Elsewhere, CEOs had been asking for an overview of MGI's perspective to complement its steady flow of research on topics ranging from globalization to disruptive technologies to obesity. So the project was born—a collective effort to show how the world is changing by combining fact-based analysis with eye-opening examples. As the manuscript took shape it became clear that there was potential for a book-length treatment. PublicAffairs, an imprint of Perseus Books Group, signed up as publisher.
The diverse backgrounds of the three authors contributes to the breadth of the story they tell. Jonathan, an American with a PhD in political science, has lived in China for more than 25 years. When not serving clients or engaged in MGI research he is co-chair of the not-for-profit Urban China Initiative—a joint venture led by Columbia University, Tsinghua University, and McKinsey. James, born and raised in Zimbabwe, a former member of the engineering faculty at Oxford University, and long-time resident of San Francisco, has a unique perspective on technology, growth, and globalization. Richard, now back into London after a six-year stint in Korea, is a former leader of our Corporate Finance Practice.
The book focuses on four major disruptions: the industrialization and urbanization of emerging economies; the accelerating pace of technological change; the demography of aging populations and declining fertility rates; and increasing global interconnectivity.
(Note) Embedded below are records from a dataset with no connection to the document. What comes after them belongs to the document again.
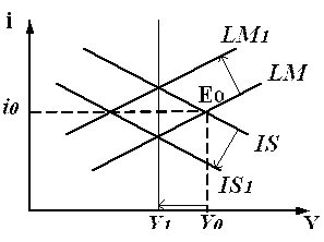 Рис. 9.3. Построение кривой LM ЗАДАНИЯ1. Спрос на деньги для сделок равен Lt = 0,5Y, спекулятивный спрос на деньги равен Lа =12/i , предложение денег равно M = 4. а) Построить кривую LМ. б) В каких пределах изменяется равновесный доход? в) Найти изменение равновесного дохода при увеличении ставки процента с 20 до 24%. 2. Спрос на деньги для сделок равен Lt = 0,4Y, спекулятивный спрос на деньги равен Lа = 16 – 2i , предложение денег равно M = 20. а) Построить кривую LМ. б) Построить кривую LМ, если в результате распространения системы электронных платежей спрос на деньги для сделок сократился вдвое. в) Построить LMлинию, если в результате действия Центрального банка предложение денег сократилось вдвое. 3. Спрос на деньги для сделок составляет 40% дохода, спекулятивный спрос на деньги равен 16 – 4i. Предложение денег превышает максимальный спрос на деньги как имущество. Найти изменение равновесного дохода при увеличении равновесной ставки процента: а) с 2 до 3%, б) с 3 до 6%, в) с 5 до 6%. 4. Спрос на деньги для сделок равен Lt = 0,4Y, спекулятивный спрос на деньги равен Lа = 30 – 6i. При каком предложении денег равновесие: а) достигается при ставке процента 2% и доходе 55; б) достигается при ставке процента 6% и доходе 30; в) невозможно при ставках процента, меньших 2%? 5. Спрос на деньги для сделок равен Lt = 0,5Y, спекулятивный спрос на деньги равен Lа = а – 2i, предложение денег равно M = а + b. а) Построить кривую LM. б) Найти новые пределы изменений равновесной ставки процента и дохода после того, как в результате банкротства ряда компаний произошел параллельный сдвиг графика спекулятивного спроса на деньги, причем максимальный спрос на них увеличился вдвое. в) Как необходимо изменить предложение денег, чтобы равновесие достигалось при ставке процента i = 0,1а и доходе Y = 0,4а? 9.3 Модель IS-LM Если кривые IS и LM пересекаются ( IS= LM) , то в точке их пересечения имеет место совместное равновесие на товарном и денежном рынках . Это такое состояние экономики, при котором для данной ставки процента (i0 ) и уровня дохода (Y0 ) достигается равновесие на обоих рынках одновременно (рис. 9.4). Точка Е(i0 ,Y0 ) – точка равновесия, в которой, во-первых, нет излишка и дефицита денежных средств в обращении и, во-вторых, все свободные деньги связаны и активно инвестируются.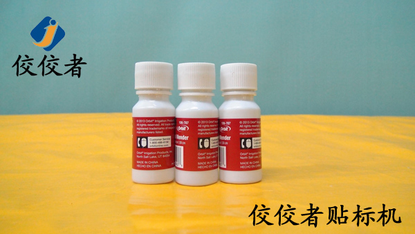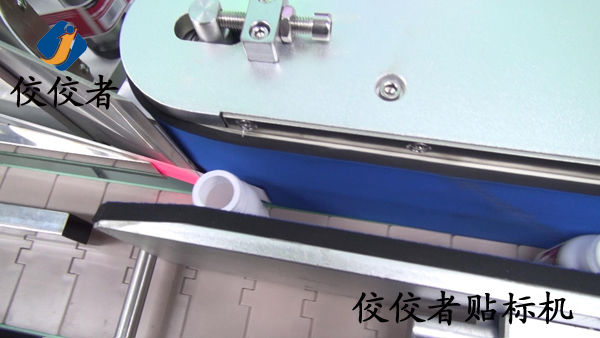 (上圖)接著展示的是剝離的標(biāo)簽正好貼在輸送中的小圓瓶上,同時即將經(jīng)過一端正在運(yùn)行的覆標(biāo)海棉通道,覆標(biāo)完成貼標(biāo)過程看似只有一秒鐘的時間,在這個時間中,機(jī)器進(jìn)行了一系列的工作:測物電眼檢測到小圓瓶時,回饋一個信號給PLC,PLC再發(fā)出出標(biāo)信號,標(biāo)簽繼續(xù)剝離時貼在經(jīng)過的小圓瓶上,小圓瓶再經(jīng)過覆標(biāo)機(jī)構(gòu).至此,貼標(biāo)過程就已經(jīng)完成了. (操作過程:放產(chǎn)品—>分瓶(設(shè)備自動實現(xiàn))—>貼標(biāo)并覆標(biāo)(設(shè)備自動實現(xiàn))—>貼標(biāo)完成。)下圖是貼好標(biāo)簽的產(chǎn)品: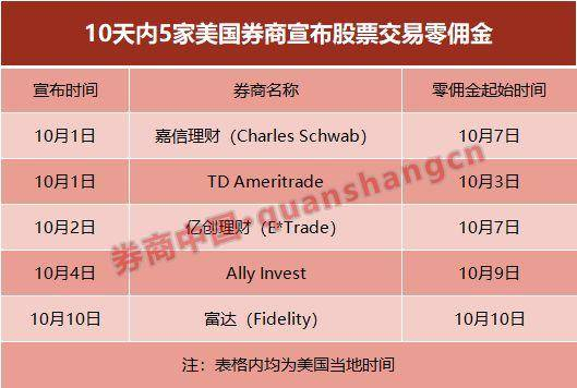 不过,当10月1日,美国最大在线券商嘉信理财宣布将股票、ETF和期权的在线交易佣金从4.95美元降至0美元时,整个金融行业还是有点措手不及。随后,TD Ameritrade、E*Trade以及未上市的 Ally Invest 等美国经纪商纷纷跟进,将交易佣金降为零。

Each of these trends is larger than any disruption the global economy has ever experienced. Yet all four are hitting at the same time—creating second-, third-, and even fourth-order effects that are scarcely possible to anticipate.
What will it take to succeed in this unpredictable new world? The book ends on a positive note. The first imperative for executives and leaders across all sectors (private, public, and not-for-profit) is to maintain an external orientation—that is, don't become so wrapped up with internal challenges that you lose sight of how the world is changing. A second is to be prepared to rethink your assumptions and stay agile, because change will play out in ways that are scarcely predictable. The third is to be optimistic—with three billion people set to join the the global middle class, and technological progress happening at breathtaking speed, there are huge opportunities for individuals and organizations. "We believe that optimism will still win the day, even in the trend-break era," the authors write.